May 25 ~ Embarked at Lachine on board a birch bark canoe, the first that I remember to have been in. …The brigade of canoes in the Grand River [Ottawa] is generally 4. Canoes when fully loaded carry about 3 Tuns. [His steersman and foreman and the canoe’s 8-10 paddlers come from the parish of Berthier. His guide is swapped at the last minute, and goes with a different trader.]

Alms or donations collecting box.

May 27 ~ At 9 a.m. Crossed over to St. Ann’s where we found the Priest saying mass for one Lalonde who had been drowned 110 leagues [A league is how far a man can walk in one hour, perhaps three miles.] above this place, at Roche Capitaine [a series of rapids in the Ottawa River below the forks at Mattawa]. Tho drowned near 12 months ago, his remains were only brought down by his brothers this spring on their return from the upper country in a coffin made for the purpose in order to give him Christian Sepulture, according to the Catholic Rites.

[At St. Ann’s, the crews normally collected a voluntary donation to have prayers said for the prosperity of the voyage and a safe return to those engaged in it. This traditional stop at the chapel of St. Ann’s was unusual because of the burial of one of their mates. The brigade heads to the Indian village on the Lake of Two Mountains for one night.]
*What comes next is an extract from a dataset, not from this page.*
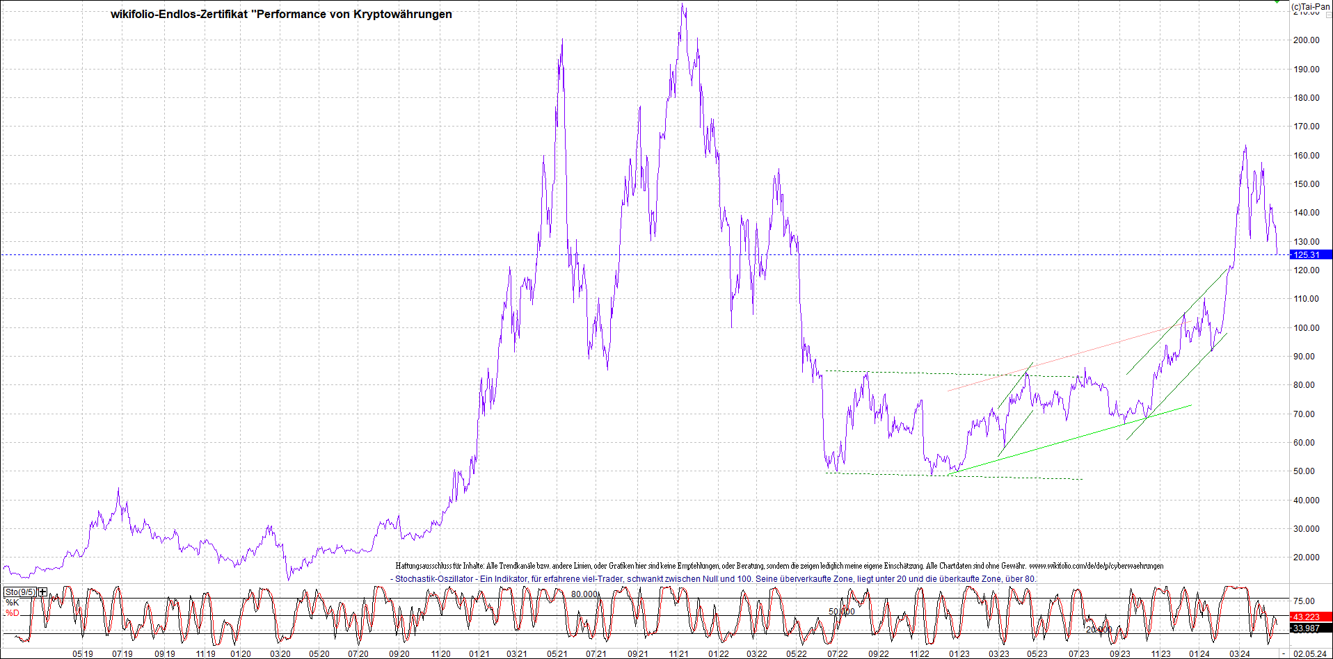 BITCOIN BTC Nachmittag, Oben Bitcoinzertifikat.

The canoe is repaired with bark, gum and wattap.

May 28 ~ The guide and I went across to the Indian Village for a supply of bark, gum and wattap to mend our canoes in case of need. …We slept that night at the foot of Petites Ecors, Carrilon Rapids, opposite Pointe Fortune. At Petites Ecors, the river was confined between steep banks. [Gum, bark and wattap are canoe supplies. Gum was made by boiling the pitch from pine trees and pressed along the seams. When it hardened, it made them watertight. Wattap—either spruce or hemlock root—was used to sew pieces of bark together. Carillon, Point Fortune and Chute a Blondeau are modern towns that still bear the names used several centuries ago for landmarks on the river.]
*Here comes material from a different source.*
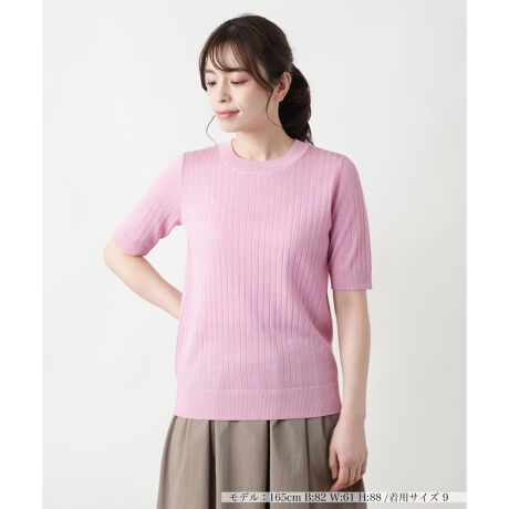 リブのように見えますが、特殊な編み方で縮みにくくしており、身体にピッタリと張り付きにくくラインを気にせずにお召し頂けます。

May 29 ~ Slept at the chute a Blondeau.

May 30 ~ Walked up the Long sault [rapids] which the men call 3 leagues long. In it they made three portages and we slept two nights at the head of the third, where I saw the first cross or grave mark. I am told it is that of a young Christian Indian who was drowned in attempting to run the rapid in his canoe.

[At the Long Sault, in 1660, Adam Dollard and his followers died resisting an attack by Iroquois.]

We spent two nights at this place to await the arrival of our associate brigade, guided by Denis who broke one of his Canoes and is gone back to the village of the Lake of the two mountains either to get another or materials to repair the broken one. The guide’s orders being to wait for the associate Brigade, we are likely to lose much time on the road.

 

[Because his journal is long, this is only part 1 — of 5. I will continue posting his entries until he arrives at the rendezvous, in early July. ]

Source:

Five different diaries are contained in this volume.

“Five Fur Traders of the Northwest” edited by C.M. Gates. (Minnesota Historical Society, St. Paul, 1965)  Macdonell’s diary is the second account.